1 whole coconut, peeled and at room temperature
1 cup whole milk, at room temperature*
110g raw sugar
1 inch cinnamon quill
1/2 teaspoon good vanilla

  1. Cut the top from the coconut and drain the juice. Place the flat side down and carefully half the nut. Grate one half and cut the other half into eight even pieces.
  2. Place the milk and coconut pieces into a blender jug and puree until smooth. This may take a minute or two, depending on how ripe the coconut.
  3. Pour the mixture into a non-reactive saucepan with the grated coconut and remaining ingredients (barring the coconut juice), then heat gently. Simmer the mixture for around 15-20 minutes or until the grated coconut is quite tender. Remove from the heat and take out the cinnamon quill.
  4. When cool, add the coconut juice and mix well. Pour into icy pop moulds and freeze for 6-8 hours before serving.
*Coconut has a lot of natural fats, which when cold are solid like butter and don't blend easily. The mix will blend quicker and smoother if at room temperature.

Sunday, November 7, 2010

With a little bit of luck...

The Sonora Market, Mexico City.

I have always supposed soap to be quite a good thing, of large practical consequence but of little spiritual measure. As it turns out, this is simply not the case. The former assumption is patently clear, but the latter is more a question a symbol, and how it can inhabit a peculiar place in our daily lives. Take the rather heavily scented objects you see below. The blue bar promises to boost the trade of your business, the other offers no less than to triple your luck (the variety of said luck was promised to be general). In the daily life of a resident of Mexico City, these symbols can be worth collecting.

Scented and pressed palm oil blocks to wash the blues away.

Syrups and honeys that produce love, reduce hauntings, or even get that rich client to call.

These are the kind of items you will find at Mexico City's Mercado Sonora.

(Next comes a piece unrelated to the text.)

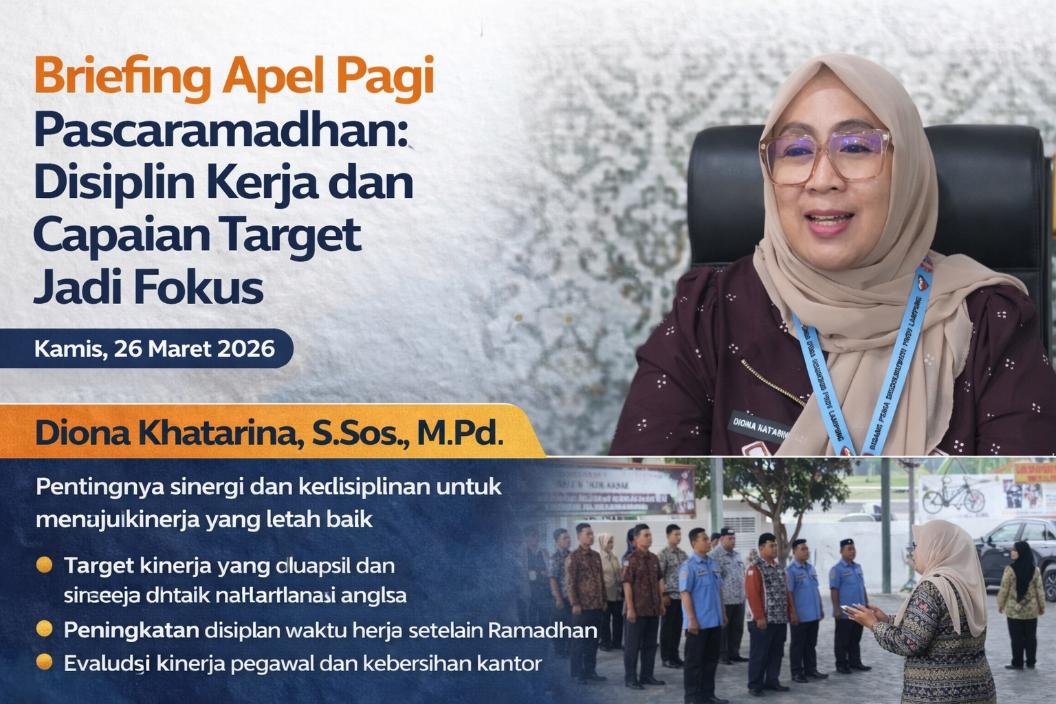 Selain pembahasan terkait kinerja, apel pagi tersebut turut menyoroti pentingnya peningkatan disiplin waktu kerja, khususnya setelah bulan Ramadhan. Hal ini dinilai krusial untuk menjaga ritme produktivitas dan memastikan pelayanan tetap berjalan optimal.

Amongst caged birds, glazed pottery and cheap toys resides a huge outlet of commodified luck. Sachets of love powders, aerosols of atomised spells, luck soaps and success perfumes are just a peek into what goes on here at Sonora. Bunches of medicinal herbs and seeds occupy a large proportion of the market, as do statues of Santa Muerte and scented candles.

The function of most of these items is quite within the realms of reasonable demands: to help your grades at school, calm a jealous boyfriend or help you meet your debt payments. Though these are far from the biggest problems people face here. The current state of affairs in Mexico spell hard times, at least for those on the lower rungs of society. The economy has shrunk by 7% in the past year, and poverty rose for the first time since the mid nineties. Tourism crumbled after the H1N1 virus (which is now known to have originated north of the border) was renamed the Mexican swine flu, and the drug wars claimed yet more lives.

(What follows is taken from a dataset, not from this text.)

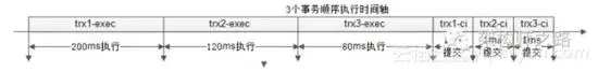 图片描述(最多50字) 第一个事务执行200ms,提交1ms;

Supernatural powders to rid you of jealousy, begin a friendship or help you with your studies.

As such, it isn't too much to ask for a little help and many do. So nearing the eve of our return to Australia, we thought we would do the same. The preparation and use of the herbs are somewhat beyond both our needs and the facilities in our Mexico City B&B, so we opted for the soap as advised. In their little boxes adorned with promises of more secret herbs and spices than you can poke a Colonel at, they looked quite promising.

Unfortunately, we had to put them outside our room after taking the photos of the unwrapped specimens as they seemed to be inspiring some fairly serious headaches. Only minutes later as the pain started to leave and the clouds parted, I could barely believe it. I was getting luckier already.